2. Add 200 mL of tap water into the 250 mL beaker and heat to 70oC, then shut off the Bunsen burner.
3. Fill the 400 mL beaker to the same level as the water in the 250 mL beaker and add ice to cool.
4. Fill the 600 mL beaker to the same level as the water in the 250mL beaker, leave water at room temp.
5. Weigh 3—1 gram samples of Normal size NaCl crystals. (weigh in on waxed paper)
6. Into 3 test tubes measure and pour 20 mL of distilled water.
7. Take the temperature of the hot , cold and room temperature water and record in your
data table.
8. Place 1 test tube into each of the 3 temperature beakers, allow the test tube to sit in
the beaker for 2 minutes to come to temperature before adding the salt.
9. Pour 1 gram of NaCl into each of the 3 test tubes.
10. Insert a stirring rod into each test tube and swirl/stir the test tubes until the NaCl dissolves.

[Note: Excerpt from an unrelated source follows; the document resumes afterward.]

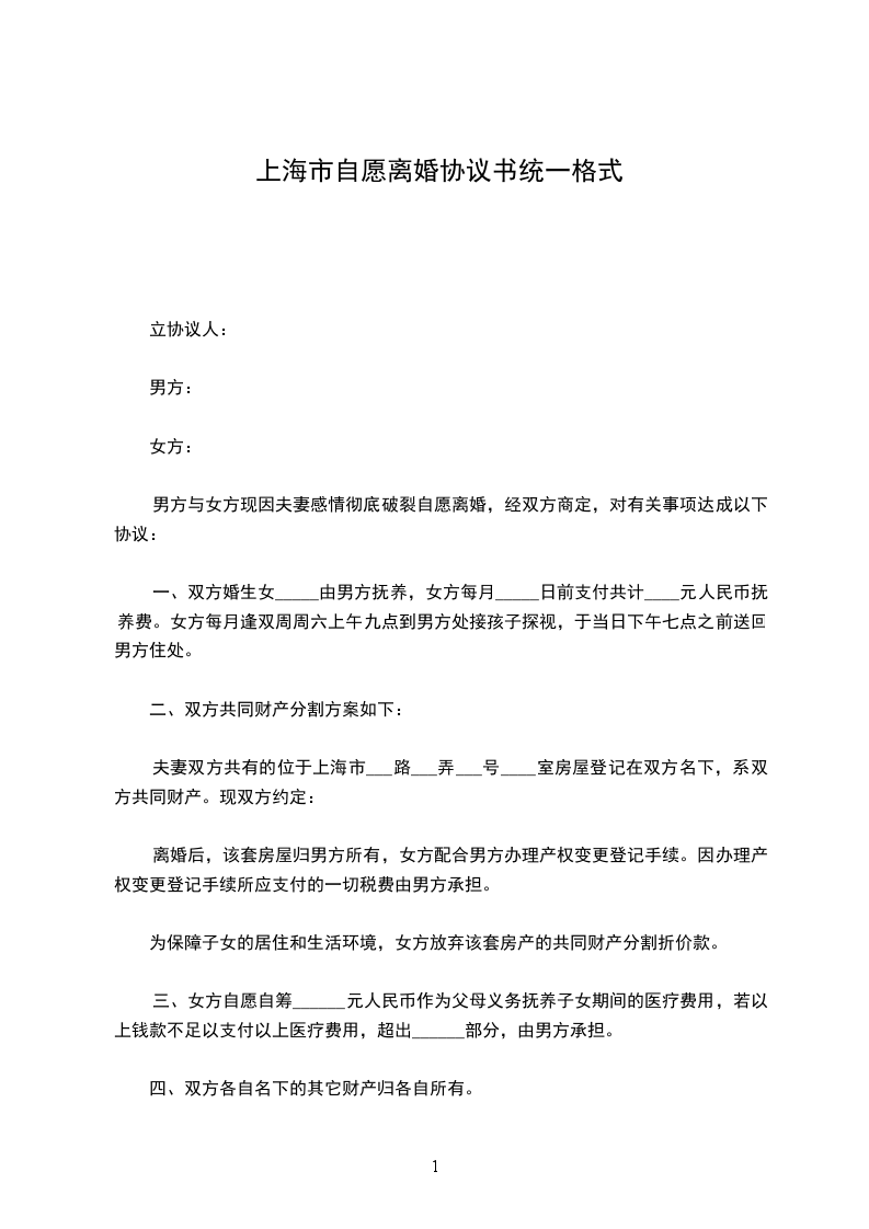 注:本协议书范本为上海地区民政局统一格式。

11. Record the amount of time required to dissolve the NaCl. ( look at the bottom of the test tube to see if crystals are
dissolved)
12. Dispose of all solutions in the sink.

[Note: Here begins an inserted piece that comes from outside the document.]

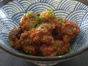 Pollo frito marinado, tapado en salsa barbacoa coreana.

13. Clean the beaker. Clean and rinse the stirring rods and test tubes for part 2.
Part II
1. Obtain 1 grams samples of NaCl in 3 particle sizes: Fine, Normal, Large.
2. Into 3 test tubes measure and pour 20 mL of distilled water.
3. Place a 1 gram sample of each salt into a test tube.
4. Insert a stirring rod into each sample and swirl/stir.
5. Record the time required to dissolve each salt.
6. Dispose of all solutions down the drain, rinse and clean the test tubes.
Part III
1. Obtain 2—1 gram samples of fine crystals of NaCl.
2. Into two test tubes measure an pout 20mL of distilled water.
3. Place a 1 grams sample into each test tube.
4. Insert a stirring rod into 1 test tube and swirl/stir until dissolved, record the time to dissolve the salt.
5. In the second test tube allow the salt to sit undisturbed until dissolved. Record the time to dissolve.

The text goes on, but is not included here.